This article originally appeared on DeSoto Times-Tribuneby Bob Bakken.
The Mississippi House of Representatives has passed the first step toward allowing rural Mississippians to be able to have access to high-speed internet service through their local power cooperatives.
The Mississippi Broadband Enabling Act passed the House on a 115-3 vote and is headed to the state Senate for consideration.
It has been known for some time that people who live outside the urban areas of the Magnolia State have had difficulty, if not being able to have at all, access to high-speed internet service to their home locations.
“We recognized years ago there was a broadband gap, there was a rural-urban gap,” said Northcentral Electric Power Association General Manager Kevin Doddridge. “Electric coops have been installing fiber for years for connectivity to our substations, for metering purposes, voltage control, all types of things.”

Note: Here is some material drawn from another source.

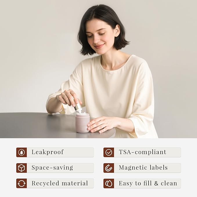 - 【Magnetic Labels — Snap On, Swap Fast, Stay Organized】 No more confusion or wasted time guessing what’s inside. Our 5 magnetic labels—Cleanser, Lotion, Shampoo, Conditioner, plus a Pill Icon—snap on instantly and swap easily to fit your changing routine. Perfect for busy mornings, travel packing, or gym essentials.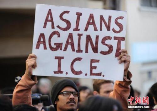 资料图为手举标语牌、针对美移民改革的抗议人士。中新社发 陈钢 摄

Doddridge said his cooperative had reviewed the idea of providing high-speed internet nearly two years ago but quickly found a road block in its way.
“Northcentral thought about this and did a really high-elevated study back in the Spring of 2017 and it showed us that we did have some connectivity issues in the area and that it was possible,” Doddridge pointed out. “We realized that the enabling legislation creating electric cooperatives specifically held us to the distribution of electric power. Anybody could get into the telecommunications business but our state legislation prohibited us.”
About the same time, said Doddridge, Lt. Gov. Tate Reeves came to the power cooperatives and asked them to help write a bill to give them the opportunity to offer internet service through their fiber lines if they chose to do so.
“We came together and created a bill that would allow us, if we chose to, to set up a telecom affiliate, a completely separate entity and use that for the purpose of getting into the high-speed internet business,” said Doddridge.
He added Northcentral is poised to begin the process to offer the service as soon as possible, if the enabling legislation is passed in the Senate and signed by Gov. Phil Bryant.
“I’ve told some people the first step that Northcentral will take will be to start setting up our affiliate and whatever legal action has to be done by law, articles of incorporation, start that process as soon as possible, so we can start applying for some of the most-recent reconnect funds,” he said. “We’re looking at utilizing the 80 miles of fiber that we will have installed this spring and just see if we can pick up some customers, pick up a little revenue and put it right back into the system. We are not asking for a single nickel. We are just asking for permission.”
Northern Public Service Commissioner Brandon Presley has been championing the rural high-speed internet issue for a number of years.
“This is a historic step to help the citizens of Mississippi,” Presley said in a statement. “The House has worked in a bipartisan way to change the law and that change will help shape the future of our state for generations to come.”
Doddridge acknowledged the bipartisan tone of House members in passing the legislation.
“I’ve got to admit, from my observation, it involved Democrats and Republicans working together and that is something I have not seen in Jackson in quite some time,” the Northcentral general manager said.